Violent crime in the Green Mountain State is at the highest its been in the past decade. In addition to the increase in crime, the state is also dealing with a critical police shortage.
“There is no part of Vermont that is immune from this issue,” Acting U.S. Attorney Jon Ophardt said.
Ophardt says between 2016 and 2019, the state has seen a 36% increase in situations involving a gun. He says statewide, robberies and burglaries are up, too.
“We’re seeing more violence associated with the drug trade, which is a particular concern,” Ophardt said. “Our office has a record number of drug involved homicides being investigated by our office.”
Ophardt says the U.S. Attorney’s Office has also noticed more violence stemming from people with mental health issues. But the overarching problem is two fold. He said there are fewer officers capable of responding to these types of incidents, as the police force is dwindling.
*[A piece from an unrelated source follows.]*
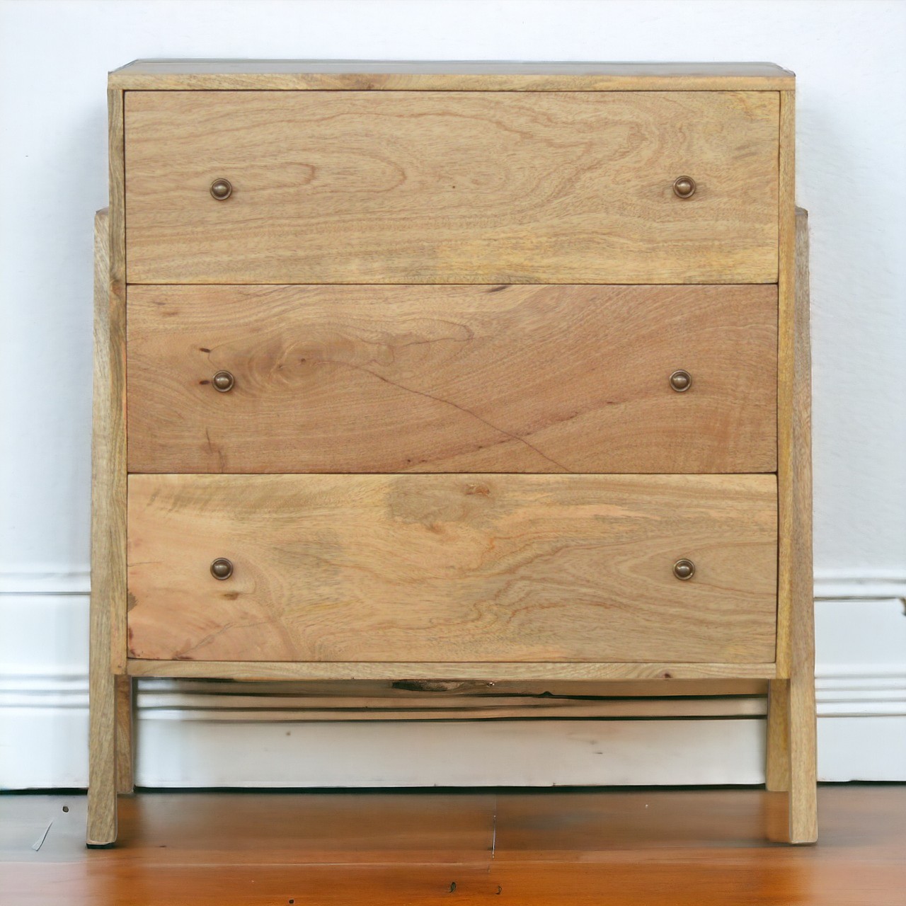 Introducing the Trestle Chest, a masterfully crafted piece of furniture designed to bring both functionality and style to any room in your home. The Trestle Chest, featuring a distinctive trestle design, is the epitome of modern, minimalist elegance perfect for contemporary and classic interiors alike. With three spacious drawers, each accented with shiny and elegant knobs, this chest offers ample storage space while enhancing the aesthetic charm of your living area.

A new report shows out of Burlington’s 75 police officers, nearly half are seeking employment elsewhere.
“I think people just want out of the job,” Chief Foley said. “I think there’s a silent group out there that has a loud voice right now that has condemned us.”
Williston’s police chief Patrick Foley says he hasn’t received an application to his department in more than a year. He adds, the on-boarding process takes between a year and 18 months, so it could take years to fill the current shortages statewide.
Chief Foley says the pressure on law enforcement only continues to mount. This week, we learned a 3rd and 4th officer who responded to the capitol riots in January, died by suicide.
“Police officers don’t like to talk about what they’re going through,” Chief Foley said. “In addition to suicide, divorce rates among law enforcement are up, too. We’ve got to get it out of the closed doors and into the public that there are serious issues for law enforcement.”